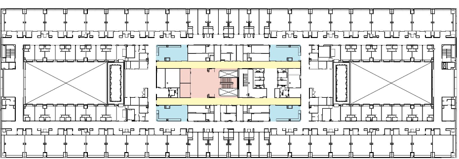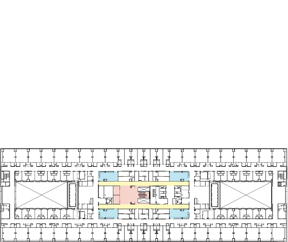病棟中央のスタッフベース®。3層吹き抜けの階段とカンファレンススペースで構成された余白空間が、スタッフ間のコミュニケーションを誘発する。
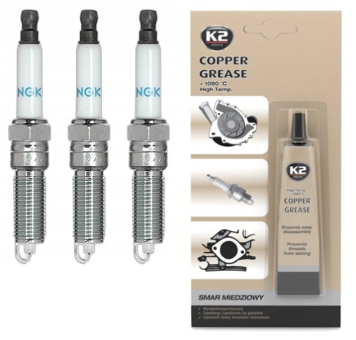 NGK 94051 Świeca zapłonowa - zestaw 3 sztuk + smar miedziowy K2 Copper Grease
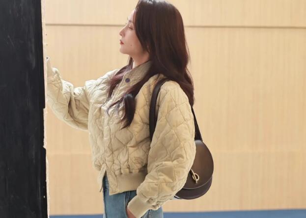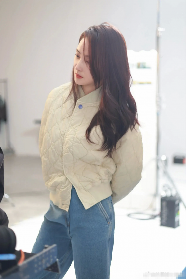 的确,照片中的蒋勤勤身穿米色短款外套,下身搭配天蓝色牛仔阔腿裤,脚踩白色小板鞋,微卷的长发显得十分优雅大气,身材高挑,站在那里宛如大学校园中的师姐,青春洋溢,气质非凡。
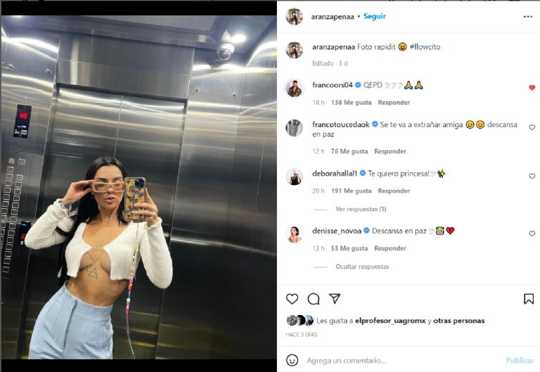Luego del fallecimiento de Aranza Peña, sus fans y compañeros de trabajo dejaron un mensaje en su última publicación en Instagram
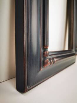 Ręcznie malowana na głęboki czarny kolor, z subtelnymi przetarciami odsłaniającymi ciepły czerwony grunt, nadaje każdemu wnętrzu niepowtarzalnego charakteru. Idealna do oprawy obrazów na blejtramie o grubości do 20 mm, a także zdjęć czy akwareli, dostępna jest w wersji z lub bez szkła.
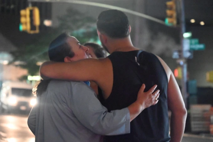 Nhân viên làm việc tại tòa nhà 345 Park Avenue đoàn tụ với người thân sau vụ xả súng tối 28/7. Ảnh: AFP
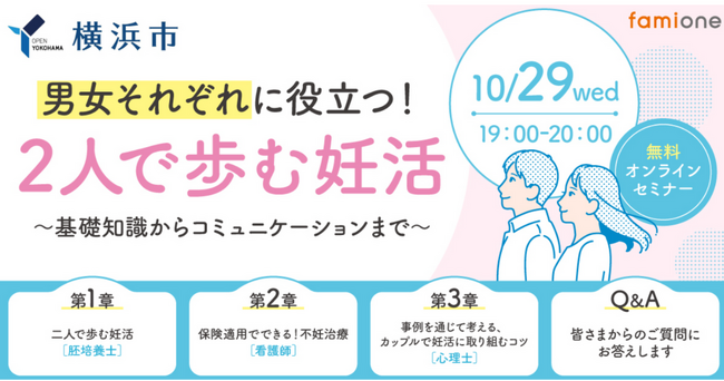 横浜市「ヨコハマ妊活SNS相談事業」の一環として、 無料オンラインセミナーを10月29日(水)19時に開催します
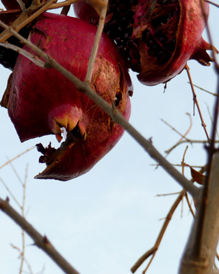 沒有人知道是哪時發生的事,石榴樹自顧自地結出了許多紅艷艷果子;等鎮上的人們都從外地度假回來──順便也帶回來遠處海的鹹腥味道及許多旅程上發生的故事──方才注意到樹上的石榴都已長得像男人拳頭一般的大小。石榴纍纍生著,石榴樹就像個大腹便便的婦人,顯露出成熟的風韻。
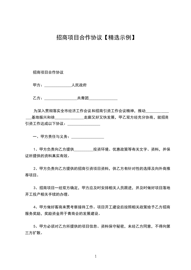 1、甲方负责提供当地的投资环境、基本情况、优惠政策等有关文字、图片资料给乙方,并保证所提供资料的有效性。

————

Directions for this task:
Please leave out the pictures as you reproduce the lines exactly, from the first line of the entries through the line containing "的确,照片中的蒋勤勤身穿米色".

Answer to this exercise:
病棟中央のスタッフベース®。3層吹き抜けの階段とカンファレンススペースで構成された余白空間が、スタッフ間のコミュニケーションを誘発する。
 NGK 94051 Świeca zapłonowa - zestaw 3 sztuk + smar miedziowy K2 Copper Grease
 的确,照片中的蒋勤勤身穿米色短款外套,下身搭配天蓝色牛仔阔腿裤,脚踩白色小板鞋,微卷的长发显得十分优雅大气,身材高挑,站在那里宛如大学校园中的师姐,青春洋溢,气质非凡。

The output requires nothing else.